Jenis data yang dipergunakan dalam penelitian skripsi ini adalah data primer dan data sekunder . 1. Data Primer Data primer adalah data pokok yang diperoleh dari Undang-undang Nomor 2 Tahun 2002 tentang Kepolisian Negara Republik Indonesia, Putusan Banding Pengadilan Tinggi TanjungKarang. 1 Data Sekunder 1 Soerjono Soekanto, Pengantar Ilmu Penelitian Hukum, Rineka Cipta, Bandung, 2000, hlm 23. Data sekunder adalah data yang menjelaskan data primer digunakan dalam menjawab permassalahan pada penelitian ini melaui wawancara secara langsung kepada narasumber yang sesuai dengan kebutuhan penelitian data tersebut terdiri dari : a. Bahan Hukum Primer Bahan Hukum primer adalah bahan hukum yang bersifat mengikat berupa peraturan perundang-undangan dalam penelitian ini. Bahan hukum primer yang dipergunakan adalah : 1.Undang-undang nomor 2 tahun 2002 tentang Kepolisian Negara Republik Indonesia Jo. Pasal 5 Peraturan Kapolri Nomor 1 Tahun 2009 tentang Penggunaan Kekuatan Dalam Tindakan Kepolisian. 2. Kitab Undang-undang Hukum Pidana KUHP 3. Kitab Undang-undang Hukum Acara Pidana KUHAP b. Bahan hukum sekunder Bahan hukum Sekunder adalah data yang diambil dari literatur yang berkaitan dengan pokok permassalahan, karya-karya ilmiah, sesuai dengan objek penelitian. A. Bahan Hukum Tersier Bahan Hukum Tersier adalah bahan yang menjelaskan data sekunder yang memberikan petunjuk maupun memberi penjelasan para sarjana atau ahli hukum, kamus hukum.
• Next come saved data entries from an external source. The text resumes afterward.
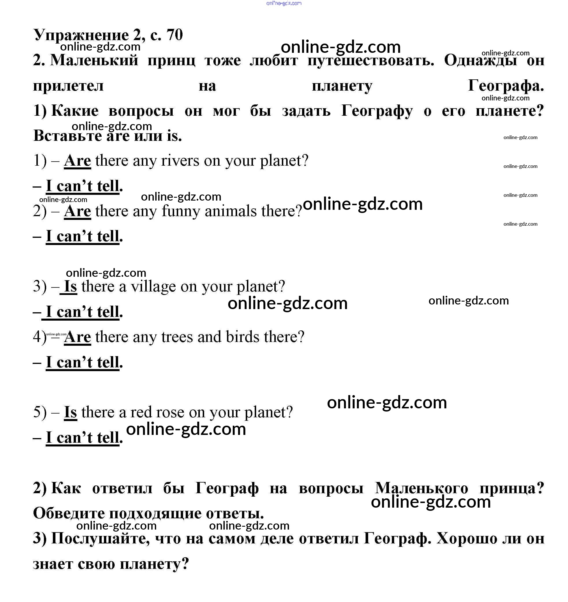 Готовые домашние задания по Английскому языку за 2 класс Рабочая тетрадь Кузовлёв, Перегудова 2011 - Lesson 41. Is there a cave on the island 70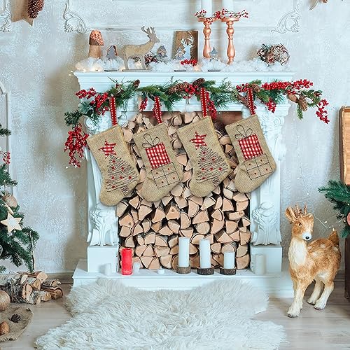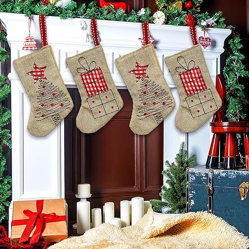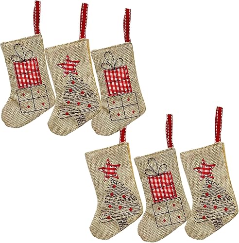 JINGTOPS Chaussettes de NoëL en Toile de Jute, Bottes de Père Noël à Remplir, Chaussette Noel A Suspendre Personnalisé,Xmas Sac Cadeau pour DéCoration Noel Cheminée, Jute, 14,5 Cm X 10 Cm (Lot de 6)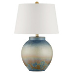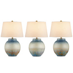 Like the sky in early morning over the sea, the Dawning Table Lamp features a serene gradation of blues punctuated by a warm, sunrise yellow. The textured surface is created when of layers of glaze crystallize during the firing process. No two will be alike because the crystal pattern that flows up from the bottom will be quite varied. A linen-cotton shade completes the look. 3-Way switch on socket.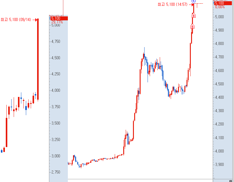 VI와 상한가 가격을 순식간에 찍고 급등했는데
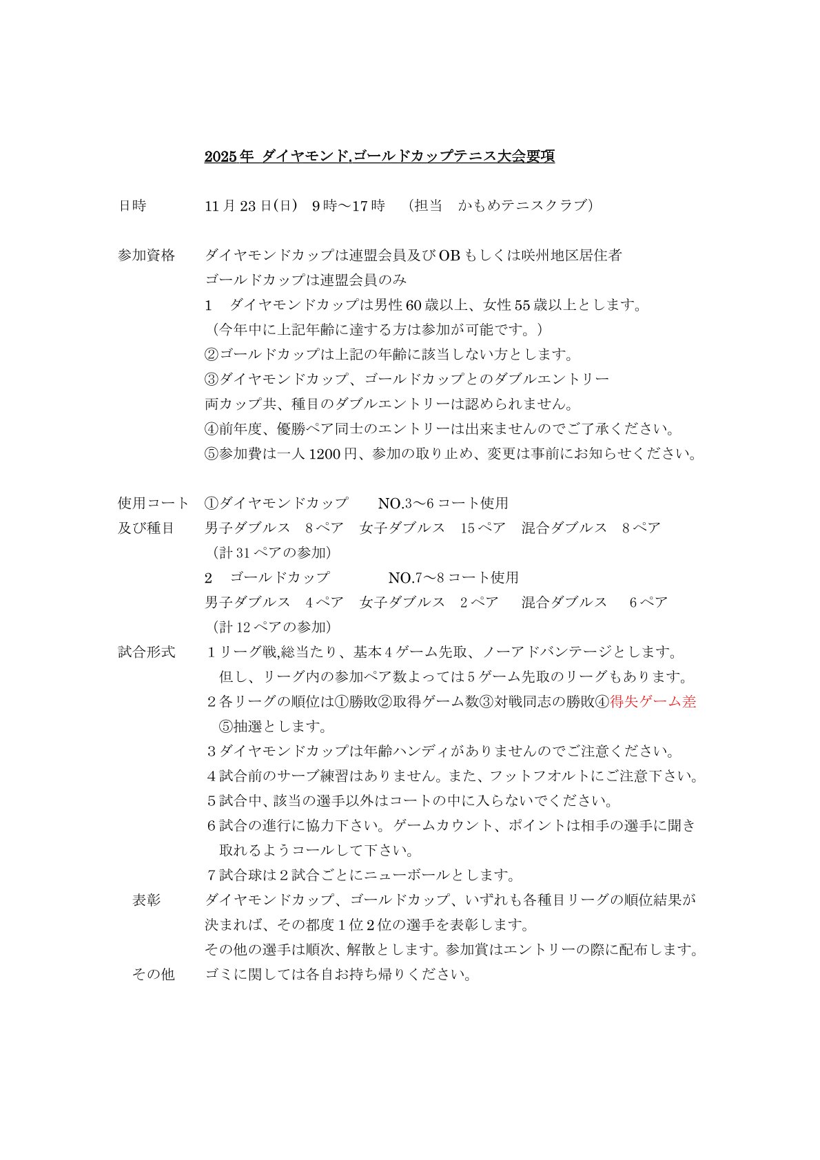 2025年11月17日 / 最終更新日時 : 2025年11月17日 nanko 未分類 2025年 ダイヤモンド、ゴールドカップテニス大会 コメントを残す コメントをキャンセルメールアドレスが公開されることはありません。 ※ が付いている欄は必須項目ですコメント ※ 名前 ※ メール ※ サイト 次回のコメントで使用するためブラウザーに自分の名前、メールアドレス、サイトを保存する。

C. Populasi Dan sampel 1. Populasi

Populasi adalah keseluruhan subjek hukum yang memiliki karateristik tertentu dan ditetapkan untuk diteliti berdasarkan pengertian diatas maka yang menjadi populasi dalam penelitian ini adalah, Propam di Polresta Bandar Lampung, Jaksa di Kejaksaan Negeri Bandar Lampung, Dosen bagian Hukum Pidana di Universitas Lampung.

2. Sampel

Sampel adalah bagaian dari populasi yang masih memiliki ciri-ciri utama dari populasi dan ditetapkan untuk menjadi responden penelitian. Sampel dalam penelitian ditetapkan dengan teknik purpose sampling yautu sampel yang dipilih berdasarkan pertimbangan dan tujuan penelitian. Berdasarkan pengertian diatas maka yang jadi respondensampel dalam penelitian ini adalah sebagai berikut Anggota Propam di Polresta lampung : 1 orang Penyidik Unit Tipiter di Polresta lampung : 1 orang Jaksa Tindak Pidana Umum di Kejaksaan Negeri Bandar Lampung : 2 orang Dosen bagian Hukum Pidana di Universitas Lampung : 2 orang Jumlah : 6 orang

D. Prosedur Pengumpulan Data dan Pengolahan Data

1. Prosedur Pengumpulan data Pengumpulan data dilakukan dengan prosedur sebagai berikut : a. Studi kepustakaan Studi Kepustakaan adalah prosedur yang dilakukan dengan serangkaian kegiatan seperti membaca, menelaah dan menguti dari buku-buku litelatur serta melakukan pengajian terhadap ketetuan peraturan perundang-undangan terkait dengan permasalahan. b. Studi Lapangan Studi Lapangan adalah prosedur yang dilakukan dengan kegaiatan wawancara kepada responden penelitian sebagai usaha mengumpulkan berbagai data dan informasi yang dibutuhkan sesuai dengan permasalahan yang dibahas dalam penelitian

2. Prosedur pengolahan data

Pengolahan data dilakukan dengan untuk mempermudah analisis data yang telah diperoleh sesuai dengan permasalahan yang diteliti. Pengolahan data dilakukan dengan tahap sebagai berikut : a. Seleksi data adalah kegiatan pemeriksaan untuk mengetahui kelengkapan data selanjutnya data dipilih sesuai dengan permasalahan yang diteliti dalam penelitian ini. b. Klasifikasi data adalah kegiatan penempatan data menurut kelompok kelompok yang telah ditetapkan dalam rangka memperoleh data yang benar-benar diperlukan dan akurat dianalisi lebih lanjut. c. Penyusunan data adalah kegiatan menyusun data yang saling berhubungan dan merupakan satu kesatuan yang bulat dan terpadu pada subpokok bahasan sehingga mempermudah interpensi data.